Student Council’s newly launched Civic Engagement Committee gave its first presentation last night, expressing a desire to increase student outreach and create an online resource of all the civic engagement opportunities available to University students.
Committee Chair Laura Nelson said the Committee currently has two roles at the University, the first of which involves several smaller projects to inform students of current Committee projects. The second goal involves the Committee addressing issues that have been raised in the last few years by students and the University’s Public Service Advisory Board created last spring. The new Committee hopes to deliver a presentation to the board in April about what programs and initiatives should be institutionalized, Nelson said.
“They want to hear from the Student Council and the Committee and all of us to see what we can use at U.Va in terms of public services and other resources,” she said.
Nelson noted that the Committee is now working to create a central online resource for students to obtain information about activities and opportunities available at the University.

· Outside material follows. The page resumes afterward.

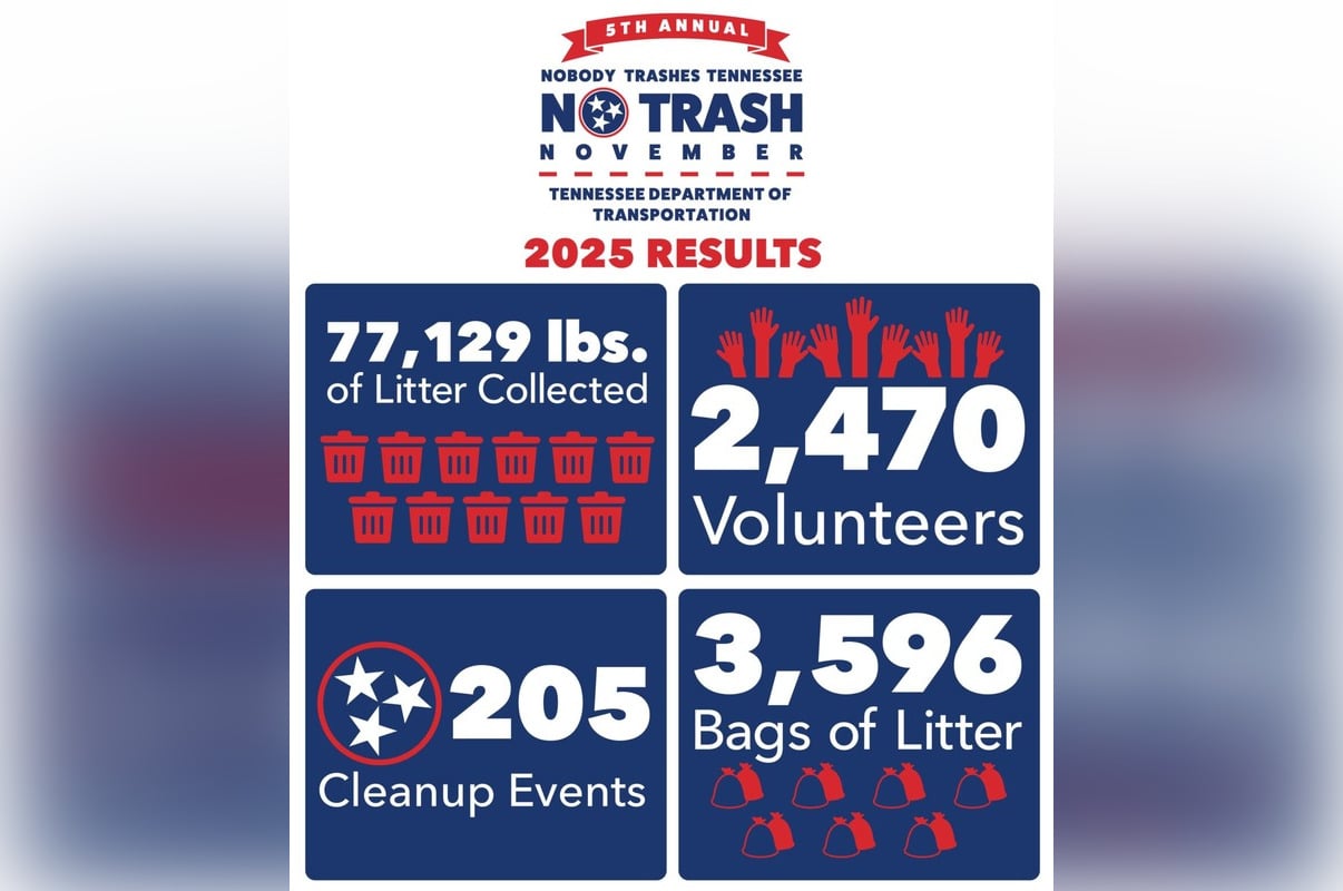 UPDATE: The Tennessee Department of Transportation (TDOT) has just announced a remarkable achievement in its 5th Annual No Trash November campaign, successfully clearing over 77,000 pounds of litter from the state’s roads and waterways. This significant effort, exceeding the 75,000-pound goal, involved 2,470 volunteers participating in 205 cleanup events across the state.
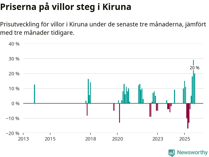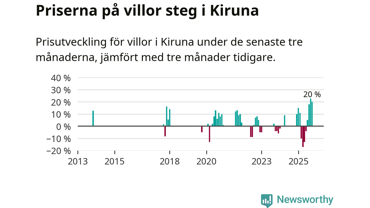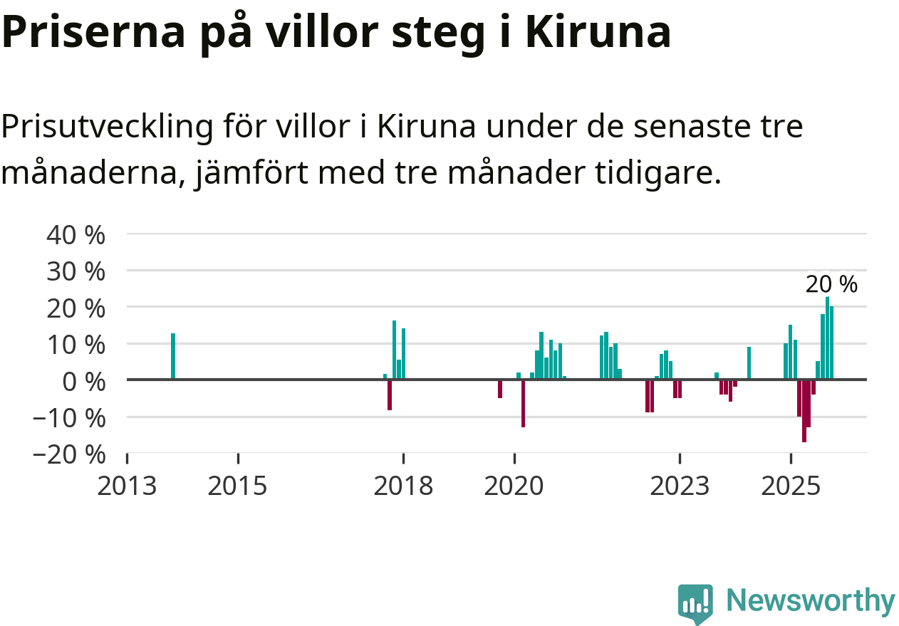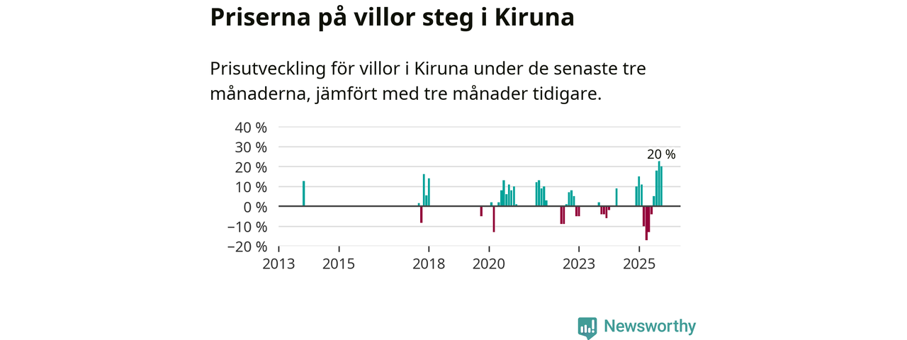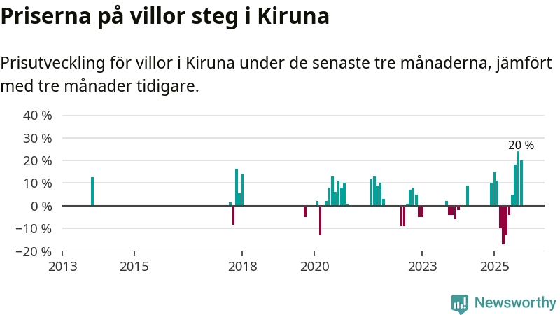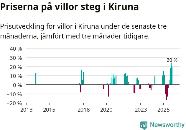 Statistiken visar även på en stor prisuppgång i Kiruna kommun. Medelpriset på försäljningarna av villor i kommunen var 20 procent högre än för tre månader sedan. Även i hela Norrbotten ökar villapriserna. I hela länet noterades en prisuppgång på 1 procent.

“There’s a lot going on at U.Va in terms of civic engagement — whether it’s for research to new CIOs, to events or internship opportunities,” she said. “There’s a lot going on and it’s really hard to navigate ... There’s a group that’s compiling everything that’s going on here and putting all that information in one place and ... [making it] accessible to all students.”
Second-year Engineering student Manoj Kunthu believes such a resource would be useful.
“I would use it,” Kunthu said. “I often find myself having a lot of free time, so I think I’d benefit from building my resume with tools from such a Web site.”
Nelson said she hopes the information will be consolidated into a Web site that will hopefully be available in the fall with support from Director of Technology Services Chris Husser and the Public Services Advisory Board Technology Committee.
Nelson said another goal of the Committee is to increase student outreach, particularly to first-year students.
“There’s another group focused on student outreach so that when first-years get here, they know all the different ways they can get involved in the community,” she said, adding that the Committee hopes to create a civic engagement fair that would present all the opportunities available to first-year students.
Garrett Trent, head of the Connections Within Charlottesville Committee — a subcommittee of the Civic Engagement Committee — said he hopes the Committee will allow ample opportunities to reexamine the notion of civic engagement.
“We want to establish long-term connections [and] take an innovative look at civic engagement and learn how we can combine what we do at U.Va ... to what we do in the community,” Trent said. He noted that his subcommittee already has several projects in the works, including the creation of a homeless soccer team and a trash cleanup in April, as part of a joint-effort with the Hope Community Center.
Nelson added, however, that the Committee is not primarily focused on creating new projects, but on creating a better avenue for informing students of already existing and beneficial opportunities.
“I think a part of it is finding a way to have all students know about all the things that are already here and realize that there are a lot of ways to get involved and making it easier to do that,” she said.